Под ногами чавкает, сверху капает. У капели медный запах крыши, под прошлый Новый год раненой ломом, что ходил ходуном в неумелых смуглых руках. Вот и сейчас парочка рабочих стоит на тротуаре в космически-оранжевых, диких на фоне монохромного города спецовках. Улыбаются крепкими, не знавшими бормашины зубами, говорят на нездешнем, переливчатом. Ухо ловит только слово «телефон» да пару непечатных выражений – ругаться принято на русском.
Снег летит. Летит мимо обожженного временем фасада, умывает лица каменных фигур, застревает в экзотических резных листьях.
В скверике (говорят, кстати, что это московское слово, надобно говорить «садик», но я легко жонглирую подъездами и парадными, так что мне простительно) жёлто-голубые синицы клюют красную рябину. В загончике (уж простите, но как иначе назвать этот квадрат три на три, тюремный двор и то больше) перед детским садом разноцветная россыпь малышей вдохновенно лепит снеговиков, прекрасных в своём несовершенстве.
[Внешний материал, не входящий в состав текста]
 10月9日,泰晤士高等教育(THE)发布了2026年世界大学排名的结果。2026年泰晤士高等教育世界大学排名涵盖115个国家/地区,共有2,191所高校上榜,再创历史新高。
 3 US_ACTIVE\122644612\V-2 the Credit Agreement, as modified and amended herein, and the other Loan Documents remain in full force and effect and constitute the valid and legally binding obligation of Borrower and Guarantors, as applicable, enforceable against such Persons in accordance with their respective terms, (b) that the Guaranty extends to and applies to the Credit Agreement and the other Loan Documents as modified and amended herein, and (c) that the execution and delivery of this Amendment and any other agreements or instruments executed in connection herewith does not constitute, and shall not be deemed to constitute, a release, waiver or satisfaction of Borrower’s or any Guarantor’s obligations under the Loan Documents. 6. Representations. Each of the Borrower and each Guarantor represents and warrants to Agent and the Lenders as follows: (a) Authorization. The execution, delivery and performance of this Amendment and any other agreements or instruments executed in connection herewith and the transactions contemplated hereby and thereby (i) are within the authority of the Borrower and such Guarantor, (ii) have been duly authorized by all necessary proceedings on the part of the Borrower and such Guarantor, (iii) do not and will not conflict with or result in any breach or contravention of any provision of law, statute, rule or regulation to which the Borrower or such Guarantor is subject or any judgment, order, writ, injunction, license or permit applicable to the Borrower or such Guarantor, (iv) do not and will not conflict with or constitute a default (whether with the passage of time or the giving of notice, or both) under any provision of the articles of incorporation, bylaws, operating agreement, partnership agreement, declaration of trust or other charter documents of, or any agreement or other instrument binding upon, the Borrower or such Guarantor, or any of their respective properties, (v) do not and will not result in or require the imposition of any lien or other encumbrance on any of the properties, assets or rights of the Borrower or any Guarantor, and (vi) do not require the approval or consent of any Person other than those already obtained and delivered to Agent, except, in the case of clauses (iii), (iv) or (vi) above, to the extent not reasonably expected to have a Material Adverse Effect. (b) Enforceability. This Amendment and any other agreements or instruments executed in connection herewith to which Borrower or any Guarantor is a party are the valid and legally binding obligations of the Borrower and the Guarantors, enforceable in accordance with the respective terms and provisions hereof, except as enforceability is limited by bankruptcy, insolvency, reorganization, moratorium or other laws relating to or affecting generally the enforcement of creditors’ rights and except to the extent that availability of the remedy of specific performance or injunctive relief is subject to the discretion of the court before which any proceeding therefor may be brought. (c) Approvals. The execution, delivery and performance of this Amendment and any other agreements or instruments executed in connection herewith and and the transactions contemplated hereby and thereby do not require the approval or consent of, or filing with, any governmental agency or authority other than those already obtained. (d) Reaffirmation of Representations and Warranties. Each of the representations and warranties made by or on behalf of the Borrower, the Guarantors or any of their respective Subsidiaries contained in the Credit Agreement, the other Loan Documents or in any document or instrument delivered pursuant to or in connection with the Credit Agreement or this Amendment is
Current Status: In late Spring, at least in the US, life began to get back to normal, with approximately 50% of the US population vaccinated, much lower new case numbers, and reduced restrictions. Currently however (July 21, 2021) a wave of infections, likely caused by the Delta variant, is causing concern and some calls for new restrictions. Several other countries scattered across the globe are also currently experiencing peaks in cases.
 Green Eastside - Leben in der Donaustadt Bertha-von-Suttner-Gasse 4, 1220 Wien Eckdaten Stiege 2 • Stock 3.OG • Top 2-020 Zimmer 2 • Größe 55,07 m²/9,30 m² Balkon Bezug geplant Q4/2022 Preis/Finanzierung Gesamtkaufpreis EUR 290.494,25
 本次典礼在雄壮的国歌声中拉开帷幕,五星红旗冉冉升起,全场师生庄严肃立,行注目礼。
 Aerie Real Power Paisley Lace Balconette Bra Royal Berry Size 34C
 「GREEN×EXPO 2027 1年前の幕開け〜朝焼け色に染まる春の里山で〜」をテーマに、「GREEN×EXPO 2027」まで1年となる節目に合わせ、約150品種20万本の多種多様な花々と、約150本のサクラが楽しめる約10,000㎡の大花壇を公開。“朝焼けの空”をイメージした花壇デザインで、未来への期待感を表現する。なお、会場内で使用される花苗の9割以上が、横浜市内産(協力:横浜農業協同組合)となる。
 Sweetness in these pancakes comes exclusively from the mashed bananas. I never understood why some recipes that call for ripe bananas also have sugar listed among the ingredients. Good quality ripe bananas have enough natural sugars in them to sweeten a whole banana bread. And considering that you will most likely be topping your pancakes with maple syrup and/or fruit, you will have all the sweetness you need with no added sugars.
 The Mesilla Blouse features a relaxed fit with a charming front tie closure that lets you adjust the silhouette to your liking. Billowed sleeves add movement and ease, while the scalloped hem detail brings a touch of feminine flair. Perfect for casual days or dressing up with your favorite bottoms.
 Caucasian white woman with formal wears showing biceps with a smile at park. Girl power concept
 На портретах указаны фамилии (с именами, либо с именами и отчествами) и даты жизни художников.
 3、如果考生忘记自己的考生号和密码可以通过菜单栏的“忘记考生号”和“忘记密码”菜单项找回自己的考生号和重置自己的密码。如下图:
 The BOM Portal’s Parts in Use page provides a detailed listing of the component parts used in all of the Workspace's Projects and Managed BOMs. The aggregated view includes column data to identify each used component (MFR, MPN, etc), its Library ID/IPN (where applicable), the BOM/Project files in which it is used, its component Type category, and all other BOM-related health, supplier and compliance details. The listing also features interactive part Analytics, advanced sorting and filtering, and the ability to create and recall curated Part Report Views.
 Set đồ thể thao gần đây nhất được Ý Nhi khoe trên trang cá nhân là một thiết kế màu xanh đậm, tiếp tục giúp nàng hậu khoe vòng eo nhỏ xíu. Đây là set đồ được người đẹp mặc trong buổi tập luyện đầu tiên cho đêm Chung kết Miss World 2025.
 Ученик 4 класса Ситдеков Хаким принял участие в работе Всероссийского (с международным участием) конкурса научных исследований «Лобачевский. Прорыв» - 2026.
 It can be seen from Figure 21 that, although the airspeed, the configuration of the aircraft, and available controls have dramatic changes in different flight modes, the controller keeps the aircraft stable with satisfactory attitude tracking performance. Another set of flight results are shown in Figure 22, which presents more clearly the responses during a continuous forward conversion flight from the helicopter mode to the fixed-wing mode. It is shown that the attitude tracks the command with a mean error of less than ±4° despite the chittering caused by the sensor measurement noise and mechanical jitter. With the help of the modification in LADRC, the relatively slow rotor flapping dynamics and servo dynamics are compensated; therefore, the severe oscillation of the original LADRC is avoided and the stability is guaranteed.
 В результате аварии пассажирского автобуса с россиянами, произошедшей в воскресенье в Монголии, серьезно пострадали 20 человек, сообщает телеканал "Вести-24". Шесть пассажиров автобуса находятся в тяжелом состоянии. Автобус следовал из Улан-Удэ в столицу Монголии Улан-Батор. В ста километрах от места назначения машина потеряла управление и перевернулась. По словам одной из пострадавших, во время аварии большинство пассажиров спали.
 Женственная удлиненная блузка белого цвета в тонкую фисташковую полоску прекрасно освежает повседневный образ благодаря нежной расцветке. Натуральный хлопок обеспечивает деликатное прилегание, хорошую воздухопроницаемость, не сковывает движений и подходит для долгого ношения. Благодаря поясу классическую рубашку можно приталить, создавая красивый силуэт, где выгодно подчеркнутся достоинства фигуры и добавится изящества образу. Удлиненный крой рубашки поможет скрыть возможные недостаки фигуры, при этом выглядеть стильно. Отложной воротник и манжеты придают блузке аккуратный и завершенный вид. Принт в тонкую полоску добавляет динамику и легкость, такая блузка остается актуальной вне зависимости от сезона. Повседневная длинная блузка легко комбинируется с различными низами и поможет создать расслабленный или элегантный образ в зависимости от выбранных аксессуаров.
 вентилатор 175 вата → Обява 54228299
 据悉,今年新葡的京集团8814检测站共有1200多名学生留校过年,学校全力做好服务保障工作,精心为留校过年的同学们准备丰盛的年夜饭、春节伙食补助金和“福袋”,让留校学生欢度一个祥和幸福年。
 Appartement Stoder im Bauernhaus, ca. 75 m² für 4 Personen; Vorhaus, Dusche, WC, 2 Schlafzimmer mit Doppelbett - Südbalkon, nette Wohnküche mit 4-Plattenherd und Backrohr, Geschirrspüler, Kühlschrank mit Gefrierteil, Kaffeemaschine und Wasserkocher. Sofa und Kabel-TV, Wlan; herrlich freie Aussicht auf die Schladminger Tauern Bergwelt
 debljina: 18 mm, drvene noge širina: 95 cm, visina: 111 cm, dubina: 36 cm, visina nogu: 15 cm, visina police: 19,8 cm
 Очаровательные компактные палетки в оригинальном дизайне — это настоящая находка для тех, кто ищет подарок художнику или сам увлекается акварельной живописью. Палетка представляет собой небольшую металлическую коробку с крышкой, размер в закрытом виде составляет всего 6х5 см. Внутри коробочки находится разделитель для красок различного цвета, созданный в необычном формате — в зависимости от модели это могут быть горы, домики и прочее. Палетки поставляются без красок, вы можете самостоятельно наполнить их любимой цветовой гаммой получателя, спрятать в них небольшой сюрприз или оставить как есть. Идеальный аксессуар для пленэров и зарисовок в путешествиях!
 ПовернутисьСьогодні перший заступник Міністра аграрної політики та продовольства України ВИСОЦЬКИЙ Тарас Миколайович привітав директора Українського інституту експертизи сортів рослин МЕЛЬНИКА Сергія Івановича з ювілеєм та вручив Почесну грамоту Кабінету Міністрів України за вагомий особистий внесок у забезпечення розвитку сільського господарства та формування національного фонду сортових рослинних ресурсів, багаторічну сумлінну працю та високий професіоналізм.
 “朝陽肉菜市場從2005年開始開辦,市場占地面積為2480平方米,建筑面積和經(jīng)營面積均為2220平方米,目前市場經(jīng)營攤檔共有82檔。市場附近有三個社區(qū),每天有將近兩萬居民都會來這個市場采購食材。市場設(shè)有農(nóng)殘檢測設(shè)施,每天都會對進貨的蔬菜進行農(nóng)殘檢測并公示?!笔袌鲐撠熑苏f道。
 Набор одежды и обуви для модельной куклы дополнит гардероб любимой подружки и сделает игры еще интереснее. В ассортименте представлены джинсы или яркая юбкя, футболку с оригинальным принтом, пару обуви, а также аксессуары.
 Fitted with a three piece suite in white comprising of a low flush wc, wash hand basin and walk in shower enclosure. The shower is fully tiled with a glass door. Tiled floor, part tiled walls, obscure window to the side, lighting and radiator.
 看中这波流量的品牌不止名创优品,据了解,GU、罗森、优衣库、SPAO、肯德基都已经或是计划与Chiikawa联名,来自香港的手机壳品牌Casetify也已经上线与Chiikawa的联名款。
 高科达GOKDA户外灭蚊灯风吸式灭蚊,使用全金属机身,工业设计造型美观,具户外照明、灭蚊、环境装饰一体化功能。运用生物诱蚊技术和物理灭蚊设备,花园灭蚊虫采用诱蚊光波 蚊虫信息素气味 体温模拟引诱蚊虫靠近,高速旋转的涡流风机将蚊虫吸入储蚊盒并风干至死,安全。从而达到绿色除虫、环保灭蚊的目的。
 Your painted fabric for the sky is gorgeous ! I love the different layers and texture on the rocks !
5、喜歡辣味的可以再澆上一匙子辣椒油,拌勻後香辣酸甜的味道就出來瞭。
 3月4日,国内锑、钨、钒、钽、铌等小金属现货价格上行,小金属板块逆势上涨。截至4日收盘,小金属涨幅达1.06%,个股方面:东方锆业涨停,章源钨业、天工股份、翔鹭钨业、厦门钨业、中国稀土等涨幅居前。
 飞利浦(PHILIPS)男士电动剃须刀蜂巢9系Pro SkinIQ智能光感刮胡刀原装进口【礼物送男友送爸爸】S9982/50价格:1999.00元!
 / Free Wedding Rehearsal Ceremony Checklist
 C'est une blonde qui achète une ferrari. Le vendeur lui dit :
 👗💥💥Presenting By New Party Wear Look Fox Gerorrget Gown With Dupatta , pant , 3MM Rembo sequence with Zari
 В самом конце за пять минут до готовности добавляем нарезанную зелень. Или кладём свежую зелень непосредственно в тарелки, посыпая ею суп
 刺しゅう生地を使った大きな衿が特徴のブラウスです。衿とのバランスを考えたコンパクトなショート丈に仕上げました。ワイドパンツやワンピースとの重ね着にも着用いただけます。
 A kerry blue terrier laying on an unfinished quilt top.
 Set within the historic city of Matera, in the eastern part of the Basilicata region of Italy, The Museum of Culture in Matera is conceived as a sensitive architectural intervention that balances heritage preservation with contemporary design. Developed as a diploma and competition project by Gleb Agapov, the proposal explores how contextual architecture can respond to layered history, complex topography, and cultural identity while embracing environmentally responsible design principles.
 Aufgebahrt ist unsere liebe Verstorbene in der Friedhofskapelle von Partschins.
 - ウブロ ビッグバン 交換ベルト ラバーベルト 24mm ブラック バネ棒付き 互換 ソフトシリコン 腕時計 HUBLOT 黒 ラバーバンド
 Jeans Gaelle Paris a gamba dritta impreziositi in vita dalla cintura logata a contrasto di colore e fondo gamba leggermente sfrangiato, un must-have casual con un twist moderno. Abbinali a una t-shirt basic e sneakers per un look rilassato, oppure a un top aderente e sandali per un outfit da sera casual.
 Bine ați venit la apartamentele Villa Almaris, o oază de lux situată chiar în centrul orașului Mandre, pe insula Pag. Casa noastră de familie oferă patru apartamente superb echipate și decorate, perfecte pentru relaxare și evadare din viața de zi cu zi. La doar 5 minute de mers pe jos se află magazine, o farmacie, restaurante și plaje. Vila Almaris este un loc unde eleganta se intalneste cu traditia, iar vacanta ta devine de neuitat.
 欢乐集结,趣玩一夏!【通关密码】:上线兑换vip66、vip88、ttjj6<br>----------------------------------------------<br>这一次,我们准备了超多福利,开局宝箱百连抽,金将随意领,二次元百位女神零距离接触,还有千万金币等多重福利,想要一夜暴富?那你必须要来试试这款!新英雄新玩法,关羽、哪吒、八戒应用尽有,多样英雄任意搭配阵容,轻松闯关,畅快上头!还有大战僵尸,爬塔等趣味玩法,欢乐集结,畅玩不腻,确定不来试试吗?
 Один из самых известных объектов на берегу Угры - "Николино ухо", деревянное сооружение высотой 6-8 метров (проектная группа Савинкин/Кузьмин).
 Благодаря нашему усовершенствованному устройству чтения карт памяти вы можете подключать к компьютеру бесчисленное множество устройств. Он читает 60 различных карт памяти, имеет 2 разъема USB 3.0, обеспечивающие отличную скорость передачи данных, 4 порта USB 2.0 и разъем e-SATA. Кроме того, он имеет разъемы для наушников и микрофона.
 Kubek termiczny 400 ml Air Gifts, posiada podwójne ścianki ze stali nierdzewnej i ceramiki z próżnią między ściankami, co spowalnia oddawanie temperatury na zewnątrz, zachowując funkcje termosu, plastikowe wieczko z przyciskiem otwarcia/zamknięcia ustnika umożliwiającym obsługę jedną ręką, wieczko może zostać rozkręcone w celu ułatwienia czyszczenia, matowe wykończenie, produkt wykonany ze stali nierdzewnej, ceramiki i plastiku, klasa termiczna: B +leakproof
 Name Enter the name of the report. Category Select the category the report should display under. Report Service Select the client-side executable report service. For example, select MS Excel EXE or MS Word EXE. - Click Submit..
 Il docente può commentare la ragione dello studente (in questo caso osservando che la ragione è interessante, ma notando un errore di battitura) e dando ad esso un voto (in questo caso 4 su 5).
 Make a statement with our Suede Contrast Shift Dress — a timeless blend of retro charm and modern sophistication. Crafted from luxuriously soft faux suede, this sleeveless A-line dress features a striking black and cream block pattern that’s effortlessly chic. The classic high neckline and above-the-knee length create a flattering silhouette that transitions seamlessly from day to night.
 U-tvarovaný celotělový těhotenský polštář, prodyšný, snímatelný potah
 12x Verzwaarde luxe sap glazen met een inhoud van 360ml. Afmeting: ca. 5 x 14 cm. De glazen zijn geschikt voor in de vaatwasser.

Воздух обманчиво-мартовский, влажный, тяжёлый.
Небо и земля одного цвета, которому нет названия ни в одном словаре. Поменяли местами – никто не заметил.
Так и ходят здесь, в Петербурге, по небу, упираясь темечком в землю, чтобы не упала.
Allegro con spiritu
ОН
По утрам она включает музыку.
Открывает глаза, перекатывается с боку на бок, и под задравшейся футболкой мелькает белое, нежное. Футболку она привезла из Джунгахоры на третьем курсе, и рисунок на ней стёрся так, что на улицу не выйдешь. Зато спать мягко.
Надежда просыпается, как человек, ни разу в жизни не видевший плохого сна.
Она садится на постели, собирает одеяло у груди, стесняясь кого-то невидимого. Кого? В комнате она одна. Вернее, думает, что одна.
Я слушаю с ней её музыку, читаю её книги (ровно от закладки до закладки), иногда позволяю себе исправить одну-две опечатки в незаконченном подстрочнике. С правилами русского языка у меня неважно, но если буквы в слове переставлены или одна другой заменена, то я обязательно замечу. Это ещё со школьных времён. Единственное, пожалуй, что не изменилось.
Мы с ней играем в странную игру, в которой есть что-то от шахмат и пряток одновременно.
Я люблю наблюдать, как она переводит: лицо утрачивает рёбра жёсткости, глаза наполняются сладкой тревогой, как у ребёнка, который застыл у новогодней ёлки и ждёт, пока загорятся, побегут, подмигивая, огоньки. Если Надежда находит нужное слово, они вспыхивают на дне серых глаз. Со временем волна уходит, радость стихает, брови ползут к переносице.
Раздумывая, она трогает нижнюю губы пальцами или кончиком языка. С начала ноября на нижней запеклась корочка. Моя мама говорила: намажь подсолнечным, лучше бы оливковым, но его давно не привозят, помнится, пару лет назад выкинули в универсаме на Приморской, целую неделю банки стояли, никто не брал.
– Ну и гадость, – сказал папа, пробуя масло. – Как греки и итальянцы его жрут? Оно гнилыми помидорами пахнет.
Масло в большой баклаге быстро, словно нам назло, прогоркло, но мама по-прежнему мазала мне им растрескавшуюся губу. Запах проклятой жижи надолго поселился под носом и преследовал меня, пока я не догадался вылить остатки масла в унитаз.
Движение на экране.
Надежда поворачивает голову, чтобы взглянуть на ползущие по стене тени, на мельтешение деревьев за окном. Она вообще легко отвлекается, и я отвлекаюсь вместе с ней.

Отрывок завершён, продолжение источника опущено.